Stored dataset items
^^^^

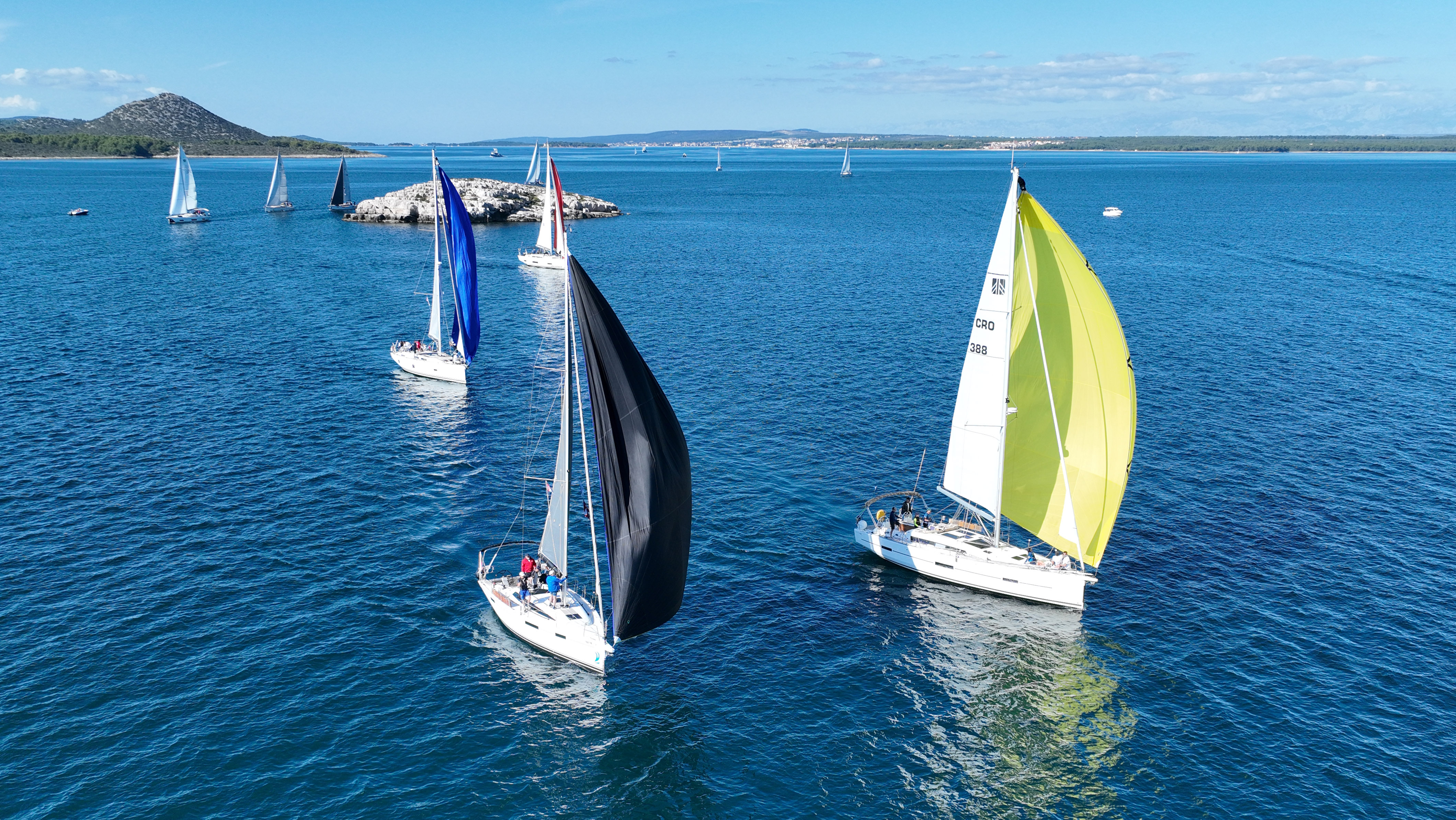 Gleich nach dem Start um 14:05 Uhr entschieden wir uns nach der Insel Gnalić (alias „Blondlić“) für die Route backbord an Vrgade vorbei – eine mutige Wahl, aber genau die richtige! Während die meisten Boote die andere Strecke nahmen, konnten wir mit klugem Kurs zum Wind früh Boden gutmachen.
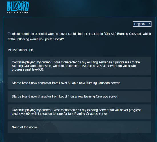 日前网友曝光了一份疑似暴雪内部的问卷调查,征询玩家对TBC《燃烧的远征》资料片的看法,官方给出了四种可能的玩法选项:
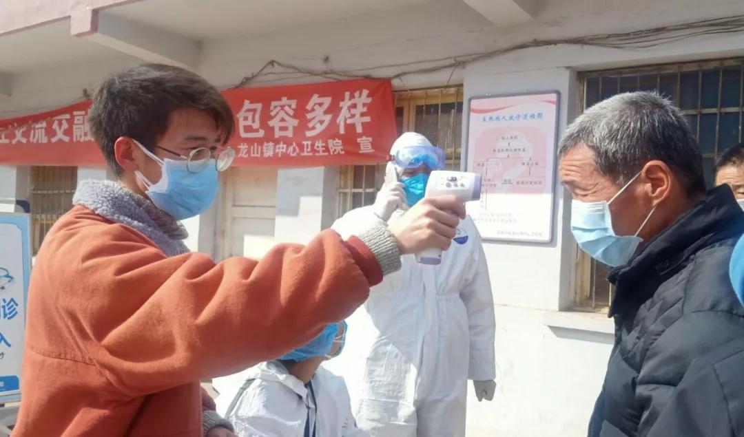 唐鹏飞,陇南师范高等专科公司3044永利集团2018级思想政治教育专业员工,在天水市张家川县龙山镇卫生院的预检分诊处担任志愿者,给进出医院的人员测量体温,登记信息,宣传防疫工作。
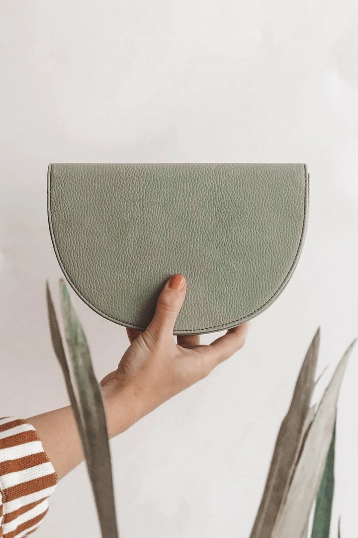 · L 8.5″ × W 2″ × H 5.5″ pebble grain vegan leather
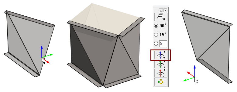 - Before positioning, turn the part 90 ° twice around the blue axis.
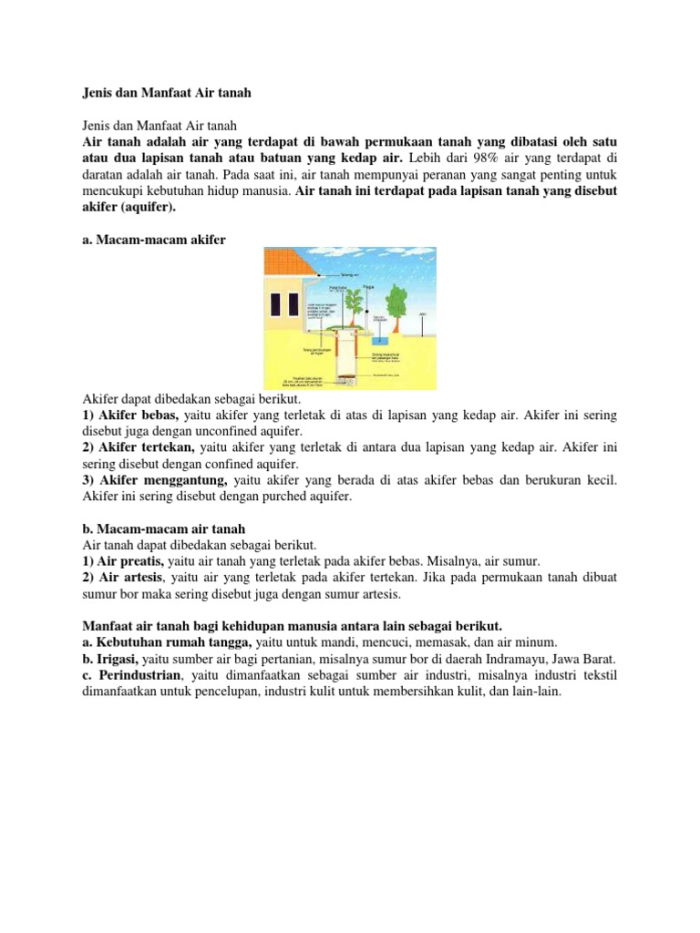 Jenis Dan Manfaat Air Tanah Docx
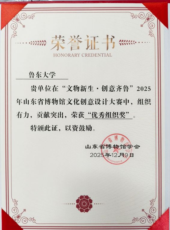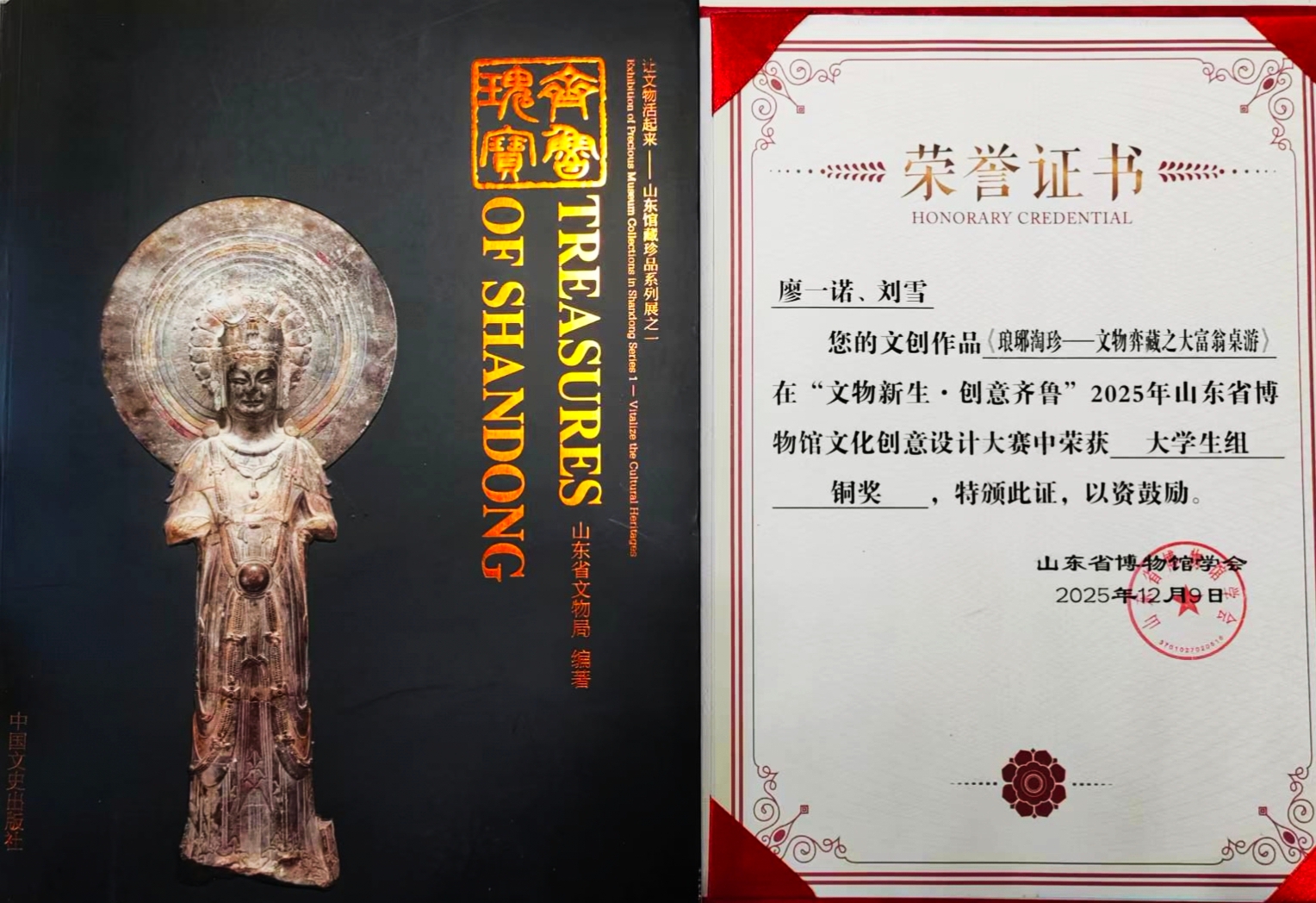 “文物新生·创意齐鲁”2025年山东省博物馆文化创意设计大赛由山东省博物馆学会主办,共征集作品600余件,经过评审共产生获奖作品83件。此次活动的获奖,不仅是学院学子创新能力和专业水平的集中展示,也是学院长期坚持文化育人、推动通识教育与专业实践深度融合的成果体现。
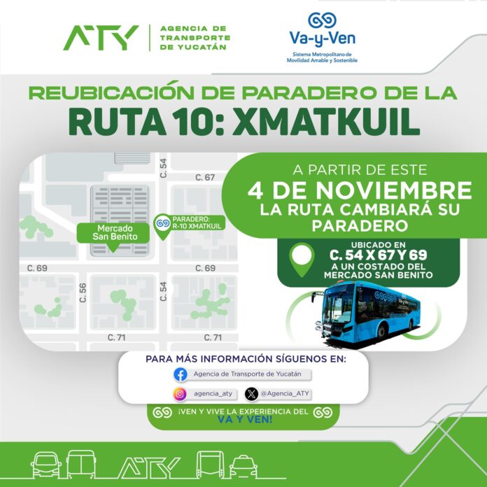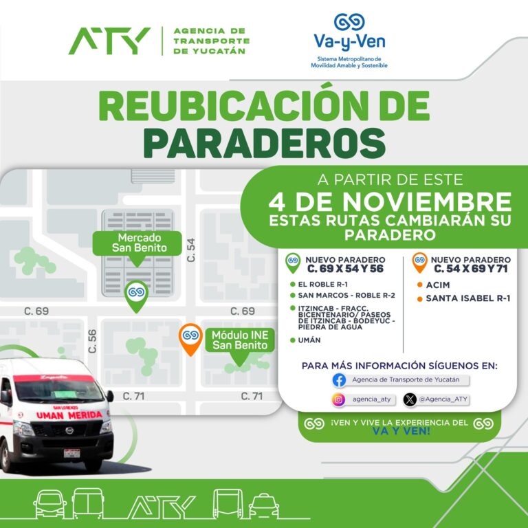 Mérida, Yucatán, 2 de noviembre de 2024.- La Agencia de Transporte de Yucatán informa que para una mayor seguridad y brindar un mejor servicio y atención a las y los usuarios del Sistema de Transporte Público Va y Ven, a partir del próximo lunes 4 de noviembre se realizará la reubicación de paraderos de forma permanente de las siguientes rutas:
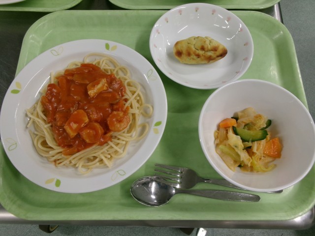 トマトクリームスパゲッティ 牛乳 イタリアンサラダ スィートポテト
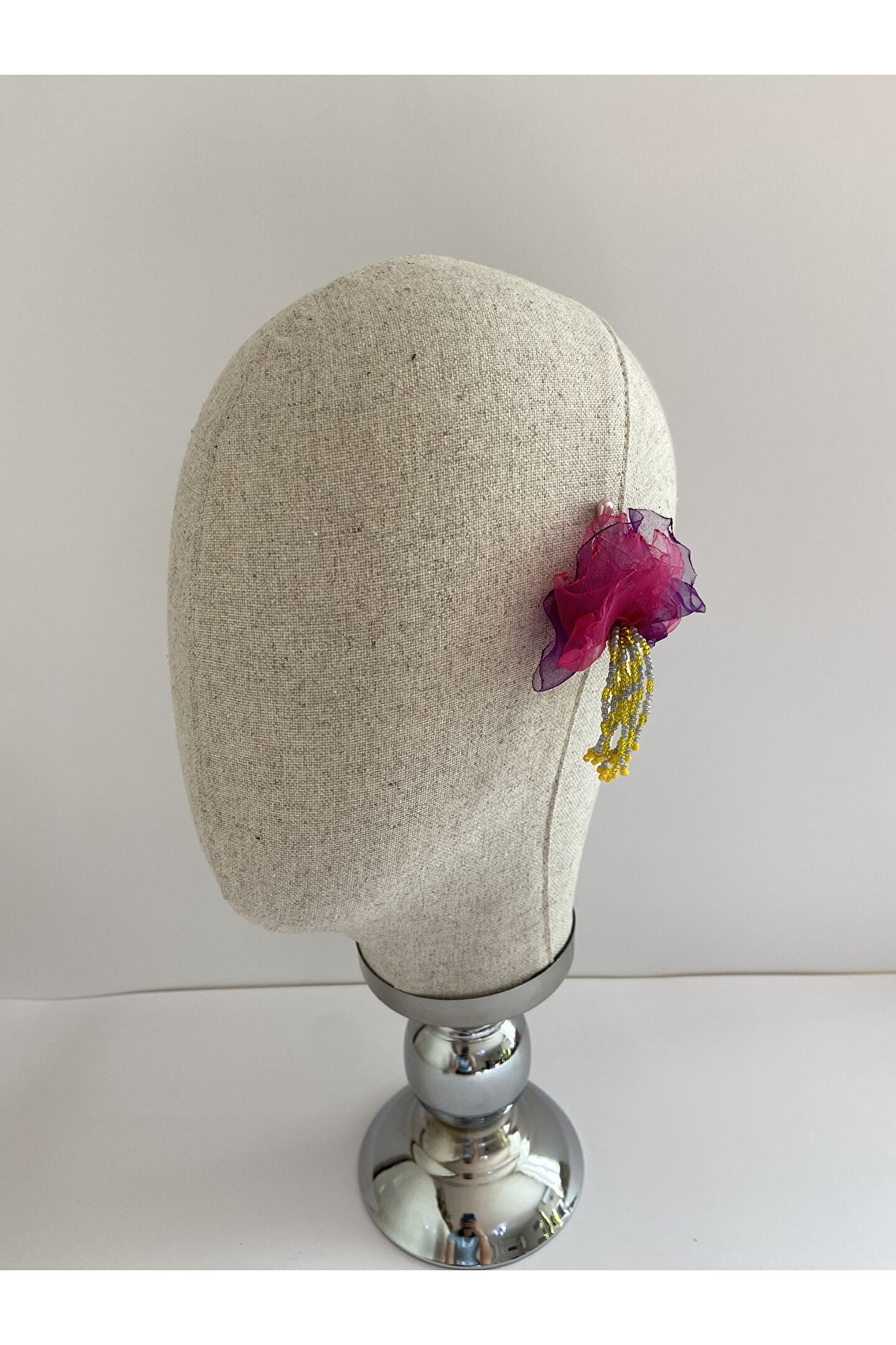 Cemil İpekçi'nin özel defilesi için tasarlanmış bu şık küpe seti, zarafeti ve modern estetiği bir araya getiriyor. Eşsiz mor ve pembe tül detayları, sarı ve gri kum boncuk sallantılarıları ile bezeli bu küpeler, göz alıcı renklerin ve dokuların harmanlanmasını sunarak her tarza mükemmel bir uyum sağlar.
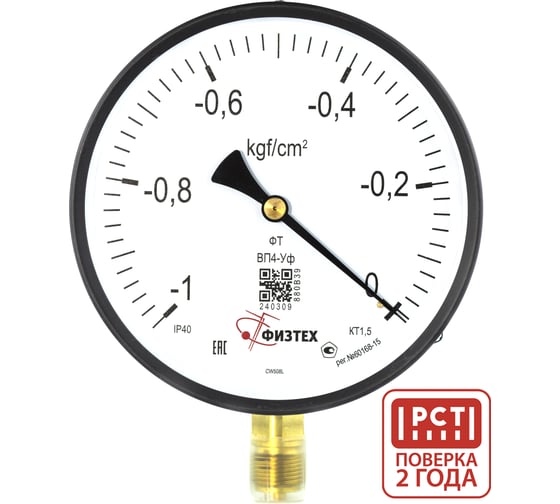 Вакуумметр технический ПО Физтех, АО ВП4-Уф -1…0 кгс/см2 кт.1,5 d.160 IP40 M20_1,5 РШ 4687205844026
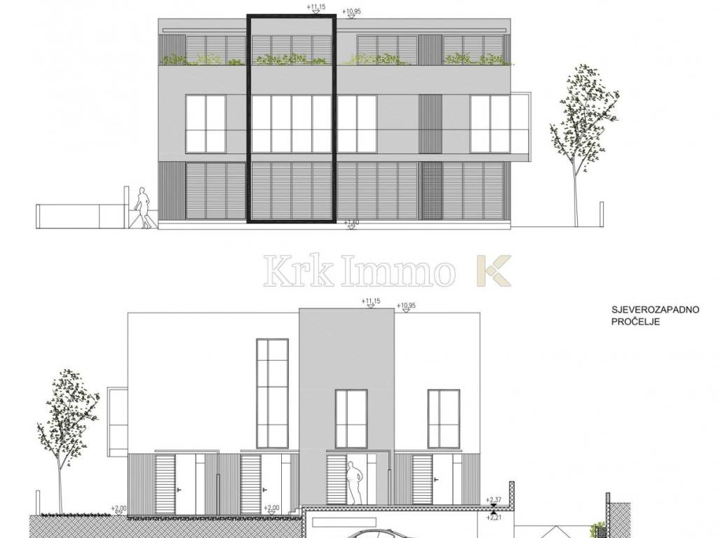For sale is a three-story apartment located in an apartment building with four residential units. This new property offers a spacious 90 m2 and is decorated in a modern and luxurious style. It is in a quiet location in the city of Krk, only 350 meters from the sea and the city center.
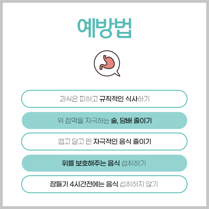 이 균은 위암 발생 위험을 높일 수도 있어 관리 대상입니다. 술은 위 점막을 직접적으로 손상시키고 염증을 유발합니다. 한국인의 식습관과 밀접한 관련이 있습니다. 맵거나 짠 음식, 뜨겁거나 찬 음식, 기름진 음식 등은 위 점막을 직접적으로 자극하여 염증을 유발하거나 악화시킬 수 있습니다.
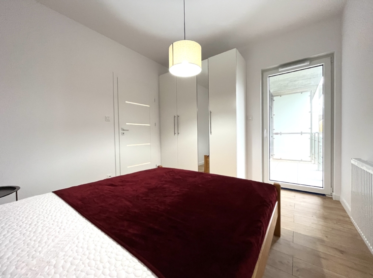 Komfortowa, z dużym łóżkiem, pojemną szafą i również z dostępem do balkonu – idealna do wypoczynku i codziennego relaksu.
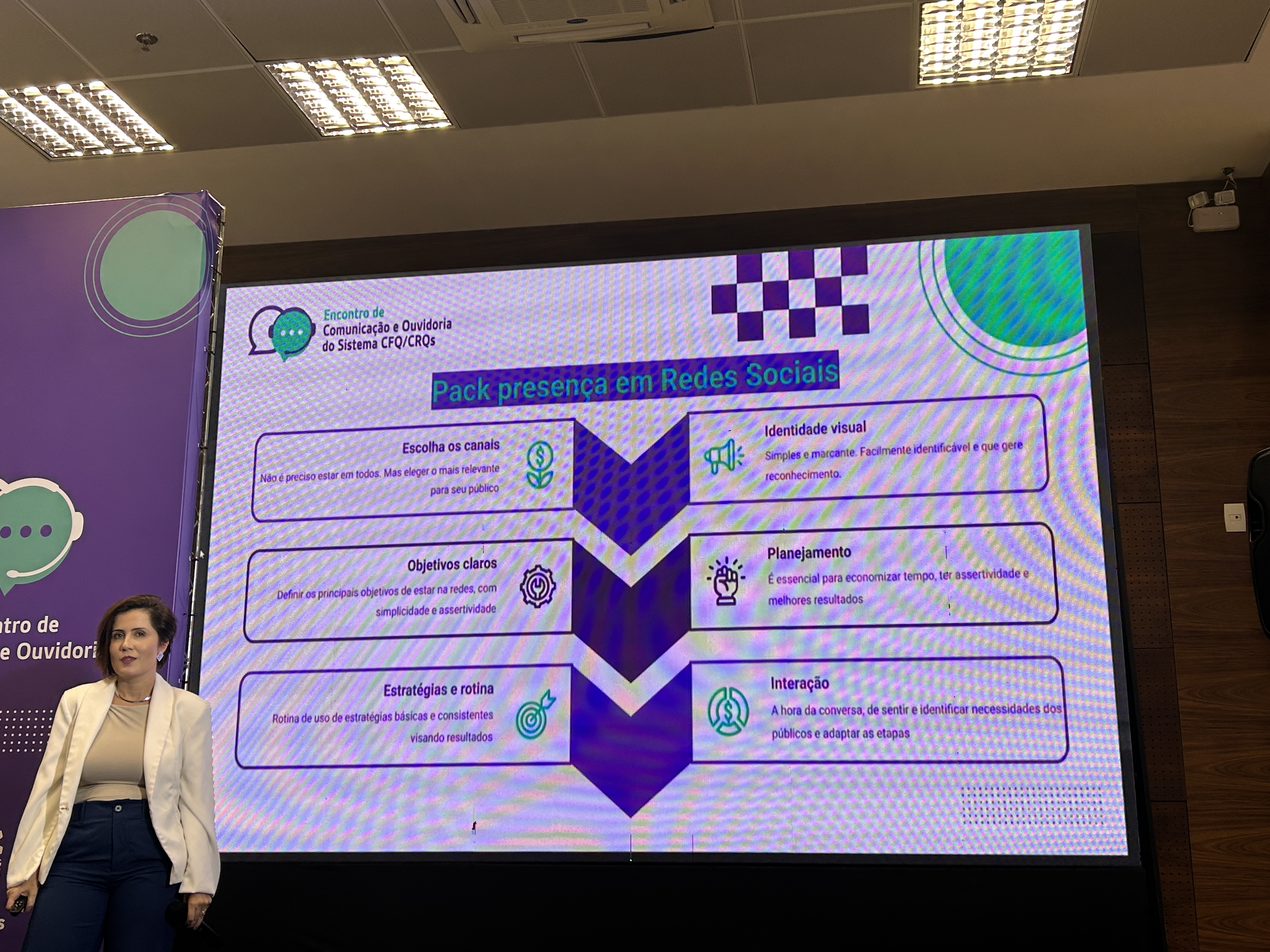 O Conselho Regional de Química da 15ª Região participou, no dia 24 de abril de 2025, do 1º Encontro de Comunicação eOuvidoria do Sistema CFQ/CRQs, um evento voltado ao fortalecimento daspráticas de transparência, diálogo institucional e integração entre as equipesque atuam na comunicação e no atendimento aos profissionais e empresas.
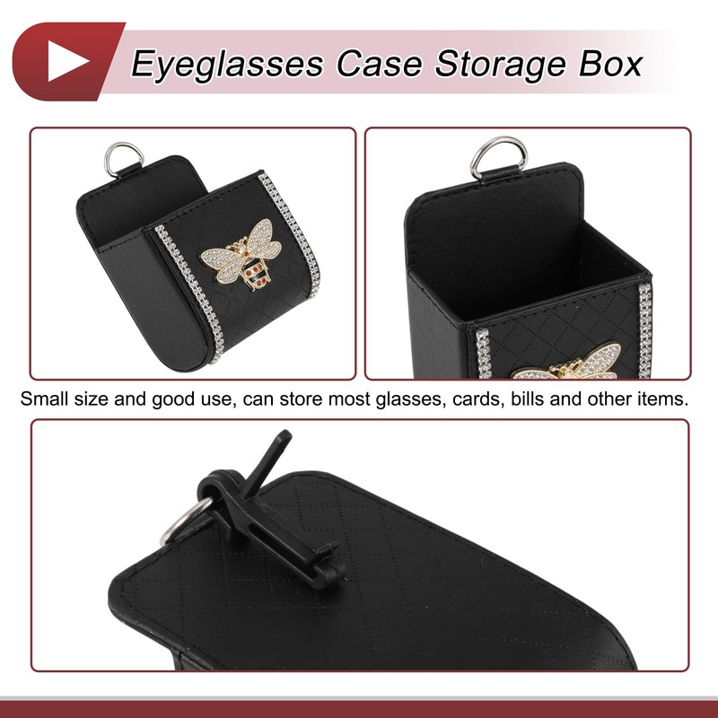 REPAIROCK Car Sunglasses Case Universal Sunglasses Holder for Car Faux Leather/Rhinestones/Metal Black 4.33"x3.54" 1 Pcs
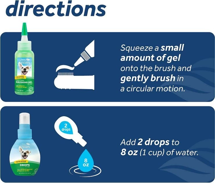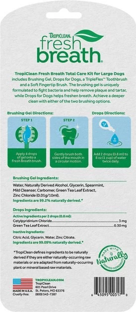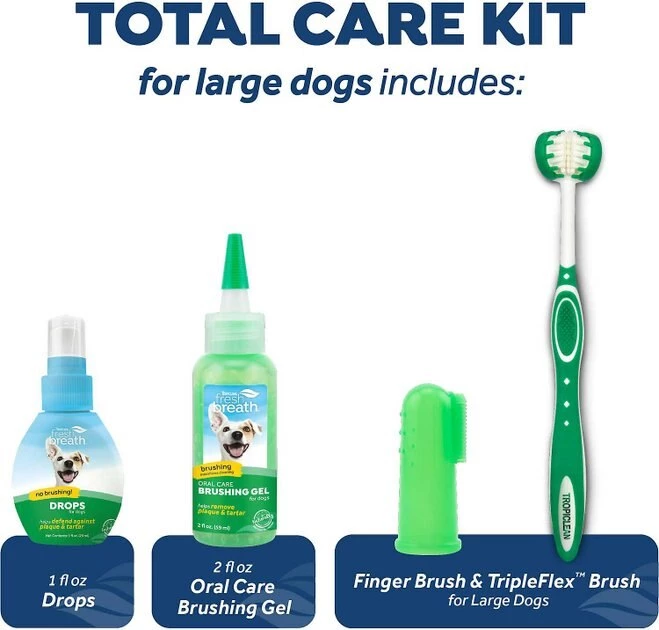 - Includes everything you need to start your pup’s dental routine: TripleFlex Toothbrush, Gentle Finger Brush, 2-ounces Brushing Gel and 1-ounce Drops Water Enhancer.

^^^^

[INSTRUCTIONS TO FOLLOW]
From the records above, copy exactly the lines starting at the one with "grain vegan leather" and ending at the one with "Komfortowa, z dużym", and no others. Pictures stay out.

[SOLUTION TO THIS TASK]
 · L 8.5″ × W 2″ × H 5.5″ pebble grain vegan leather
 - Before positioning, turn the part 90 ° twice around the blue axis.
 Jenis Dan Manfaat Air Tanah Docx
 “文物新生·创意齐鲁”2025年山东省博物馆文化创意设计大赛由山东省博物馆学会主办,共征集作品600余件,经过评审共产生获奖作品83件。此次活动的获奖,不仅是学院学子创新能力和专业水平的集中展示,也是学院长期坚持文化育人、推动通识教育与专业实践深度融合的成果体现。
 Mérida, Yucatán, 2 de noviembre de 2024.- La Agencia de Transporte de Yucatán informa que para una mayor seguridad y brindar un mejor servicio y atención a las y los usuarios del Sistema de Transporte Público Va y Ven, a partir del próximo lunes 4 de noviembre se realizará la reubicación de paraderos de forma permanente de las siguientes rutas:
 トマトクリームスパゲッティ 牛乳 イタリアンサラダ スィートポテト
 Cemil İpekçi'nin özel defilesi için tasarlanmış bu şık küpe seti, zarafeti ve modern estetiği bir araya getiriyor. Eşsiz mor ve pembe tül detayları, sarı ve gri kum boncuk sallantılarıları ile bezeli bu küpeler, göz alıcı renklerin ve dokuların harmanlanmasını sunarak her tarza mükemmel bir uyum sağlar.
 Вакуумметр технический ПО Физтех, АО ВП4-Уф -1…0 кгс/см2 кт.1,5 d.160 IP40 M20_1,5 РШ 4687205844026
For sale is a three-story apartment located in an apartment building with four residential units. This new property offers a spacious 90 m2 and is decorated in a modern and luxurious style. It is in a quiet location in the city of Krk, only 350 meters from the sea and the city center.
 이 균은 위암 발생 위험을 높일 수도 있어 관리 대상입니다. 술은 위 점막을 직접적으로 손상시키고 염증을 유발합니다. 한국인의 식습관과 밀접한 관련이 있습니다. 맵거나 짠 음식, 뜨겁거나 찬 음식, 기름진 음식 등은 위 점막을 직접적으로 자극하여 염증을 유발하거나 악화시킬 수 있습니다.
 Komfortowa, z dużym łóżkiem, pojemną szafą i również z dostępem do balkonu – idealna do wypoczynku i codziennego relaksu.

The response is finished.